Vaccine and Drug Evaluation Centre, Department of Community Health Sciences, University of Manitoba, Winnipeg, MB, Canada.
Pharmacol Res Perspect. 2020 Dec;8(6):e00687. doi: 10.1002/prp2.687.
Characterizing long-term prescription data is challenging due to the time-varying nature of drug use. Conventional approaches summarize time-varying data into categorical variables based on simple measures, such as cumulative dose, while ignoring patterns of use. The loss of information can lead to misclassification and biased estimates of the exposure-outcome association. We introduce a classification method to characterize longitudinal prescription data with an unsupervised machine learning algorithm. We used administrative databases covering virtually all 1.3 million residents of Manitoba and explicitly designed features to describe the average dose, proportion of days covered (PDC), dose change, and dose variability, and clustered the resulting feature space using K-means clustering. We applied this method to metformin use in diabetes patients. We identified 27,786 metformin users and showed that the feature distributions of their metformin use are stable for varying the lengths of follow-up and that these distributions have clear interpretations. We found six distinct metformin user groups: patients with intermittent use, decreasing dose, increasing dose, high dose, and two medium dose groups (one with stable dose and one with highly variable use). Patients in the varying and decreasing dose groups had a higher chance of progression of diabetes than other patients. The method presented in this paper allows for characterization of drug use into distinct and clinically relevant groups in a way that cannot be obtained from merely classifying use by quantiles of overall use.

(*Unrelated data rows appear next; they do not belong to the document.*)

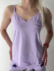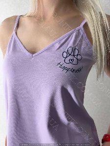 Легка, ніжна та зручна - жіноча піжама із колекції "Lavender Puppies" на тонких бретелях створена для вашого комфорту в теплі дні та затишні домашні вечори.
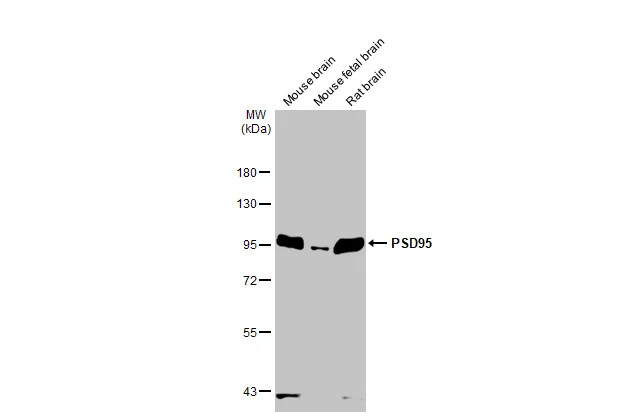 | Immunogen: | Carrier-protein conjugated synthetic peptide encompassing a sequence within the N-terminus region of mouse PSD95. The exact sequence is proprietary. |
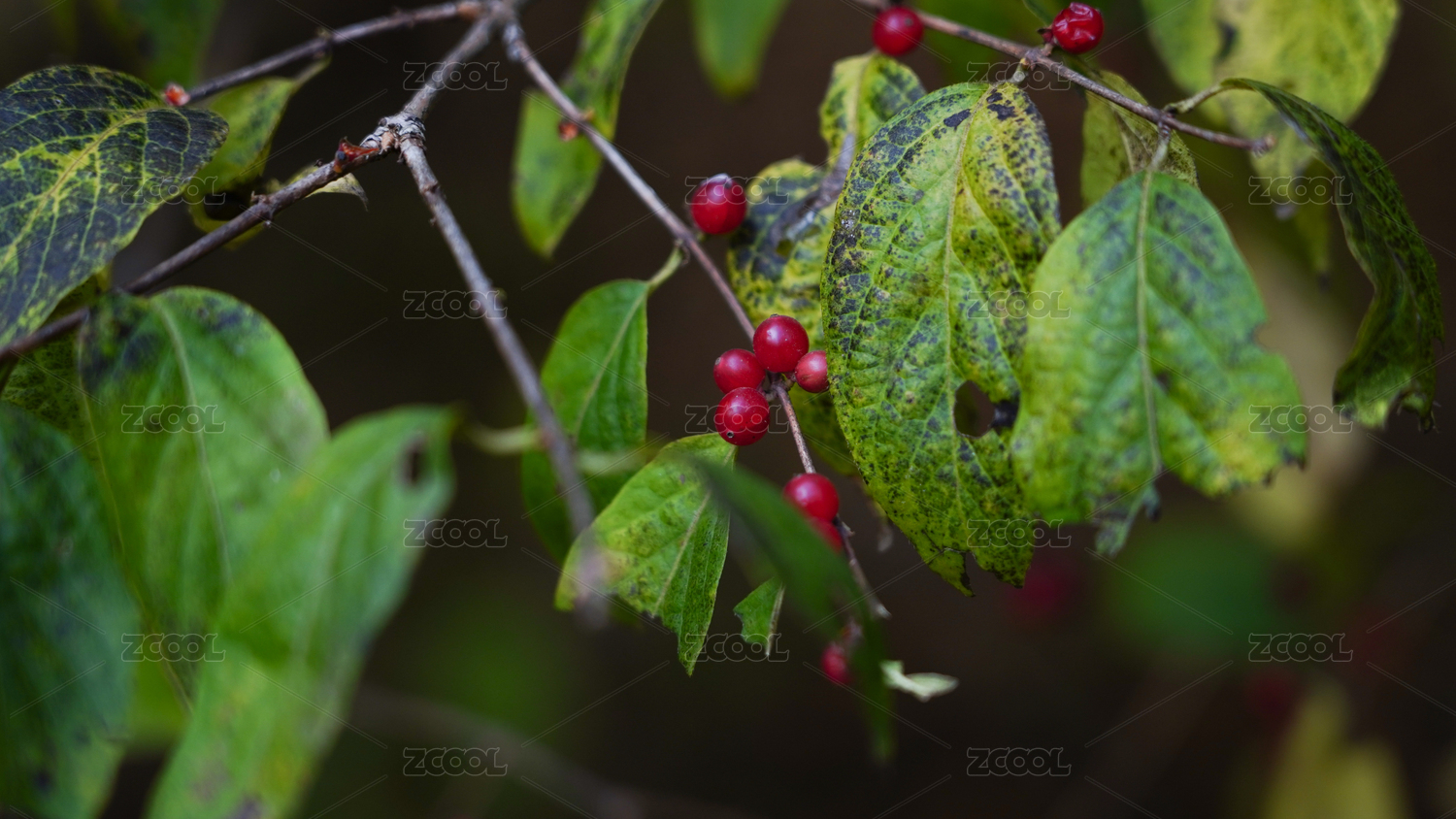 秋天的绿叶与红色的果子
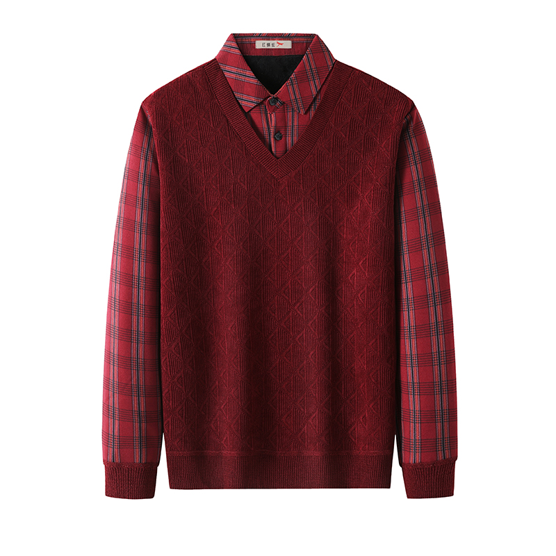 红蜻蜓男士假两件毛衣加绒加厚冬季新款休闲保暖爸爸装针织打底衫
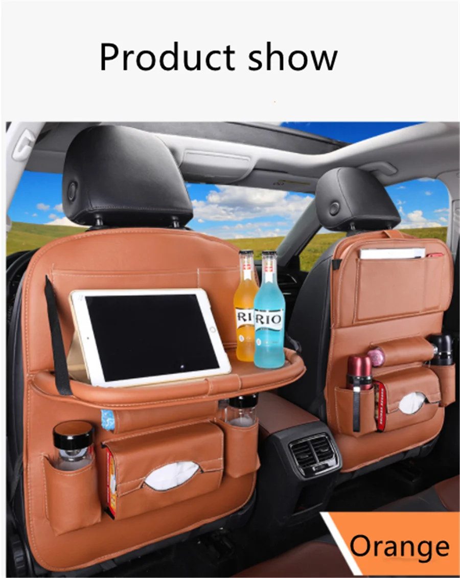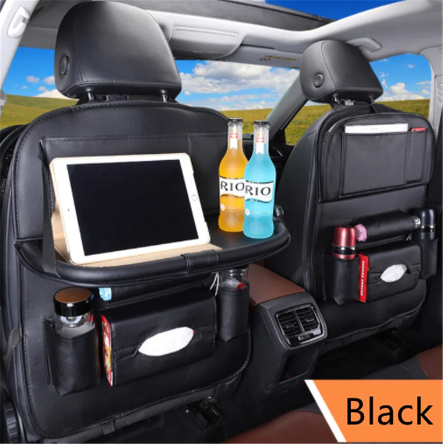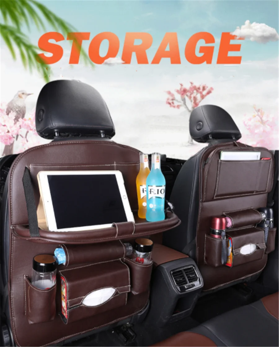 Univeral Car Seat Back Storage Organizer Pu Leather Pad Bag Muti-Pocket Foldable Table Tray Travel Hanging Auto Accessories
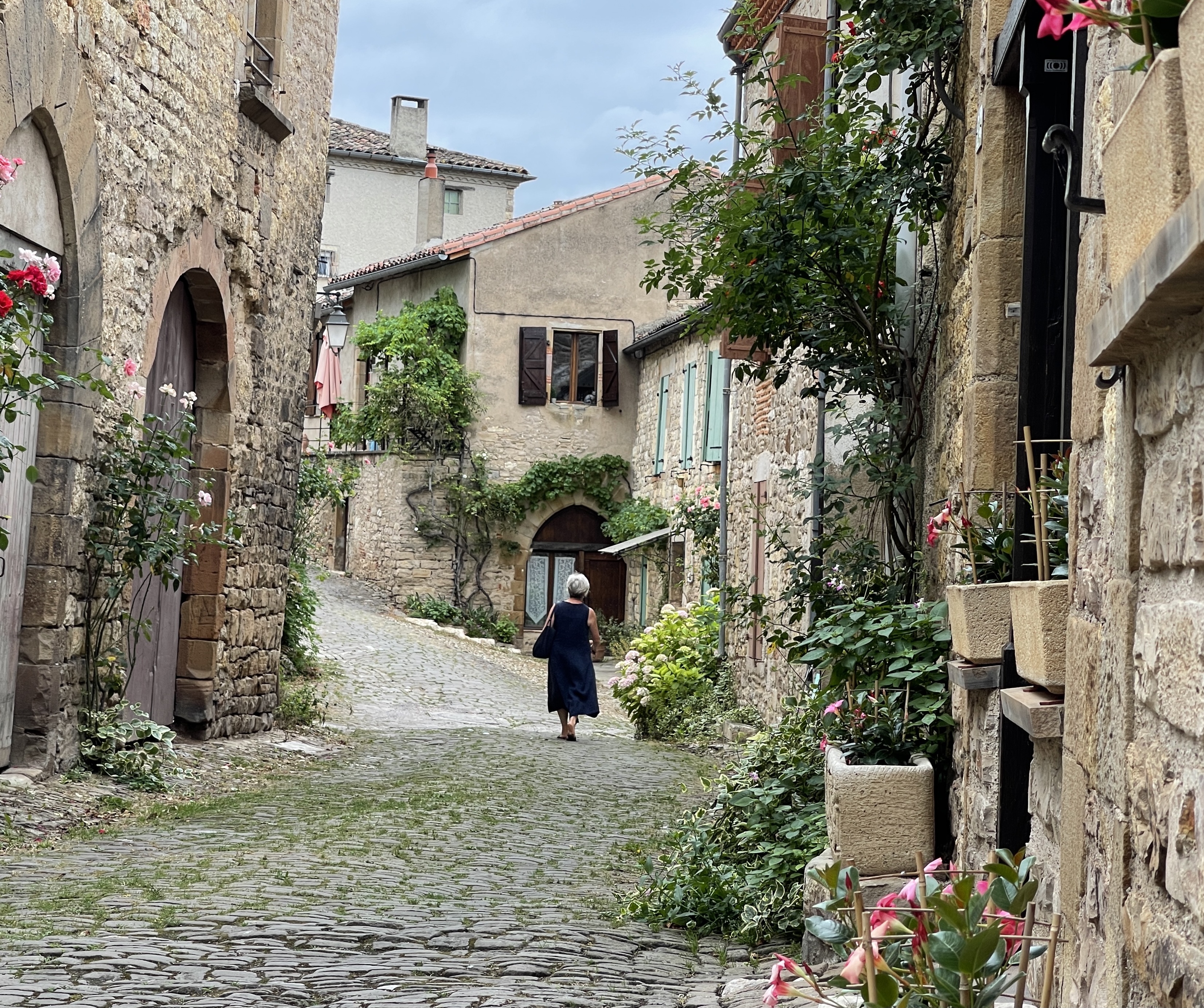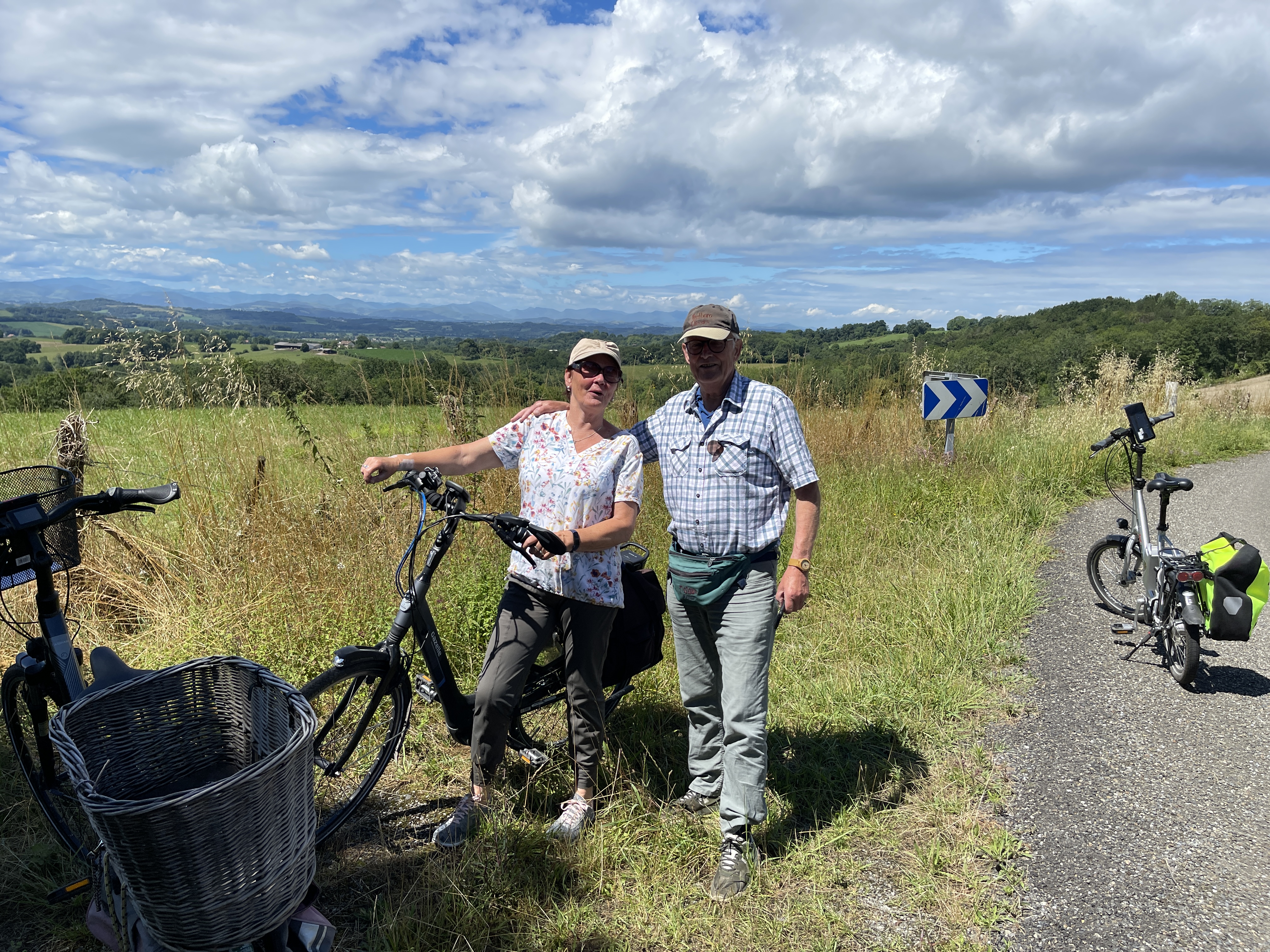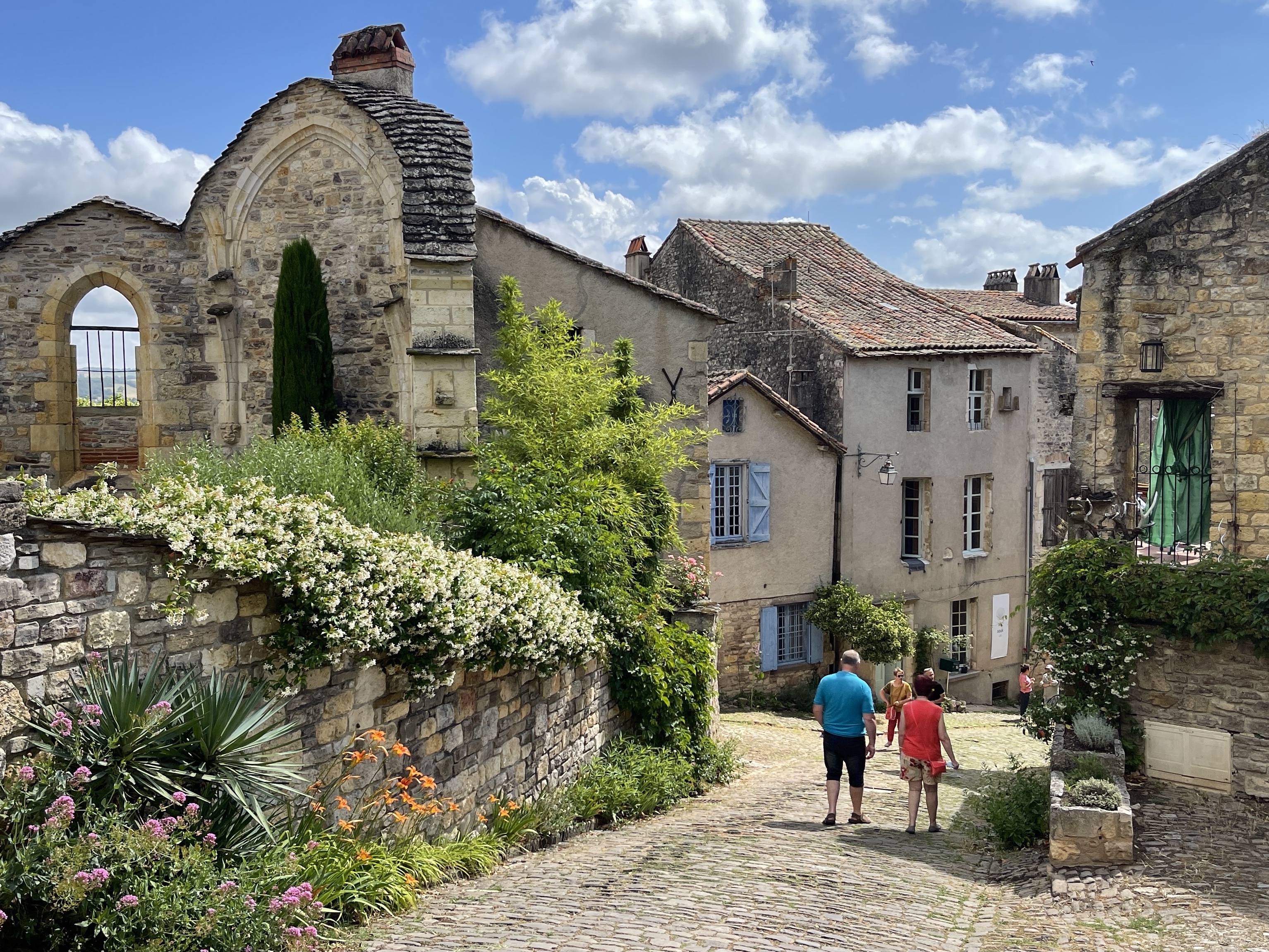 Zondag besluiten we met een paar om vast op de fiets te gaan kijken of het te doen is in deze omgeving te fietsen. Ging prima maar je hebt wel een goede e-bike nodig. De lichte fietsen trokken het niet. Mooie rustige weg vanaf de camping naar Cordes sur Ciel. In het dorp de fiets geparkeerd en vervolgens de steile weg naar boven gelopen. Voor een zondag is het maar stil in het dorp. Corona hakt erin. Weinig toeristen en de restaurantjes veelal dicht.

由于药物使用的时变性质,描述长期处方数据具有挑战性。传统方法根据累积剂量等简单措施将时变数据概括为分类变量,而忽略了使用模式。信息的丢失会导致暴露-结果关联的错误分类和有偏估计。我们引入了一种分类方法,使用无监督机器学习算法来描述纵向处方数据。我们使用了覆盖曼尼托巴省几乎所有 130 万居民的管理数据库,并专门设计了特征来描述平均剂量、覆盖率(PDC)、剂量变化和剂量变异性,并使用 K-均值聚类对生成的特征空间进行聚类。我们将这种方法应用于糖尿病患者的二甲双胍使用情况。我们确定了 27786 名二甲双胍使用者,并表明他们的二甲双胍使用的特征分布在不同的随访长度下是稳定的,并且这些分布有明确的解释。我们发现了六个不同的二甲双胍使用者群体:间歇性使用、剂量减少、剂量增加、高剂量和两个中剂量群体(一个剂量稳定,一个剂量变化大)。剂量变化和剂量减少的患者比其他患者更有可能发展为糖尿病。本文提出的方法允许将药物使用描述为不同的、临床相关的群体,而不仅仅是通过整体使用的分位数进行分类是无法获得的。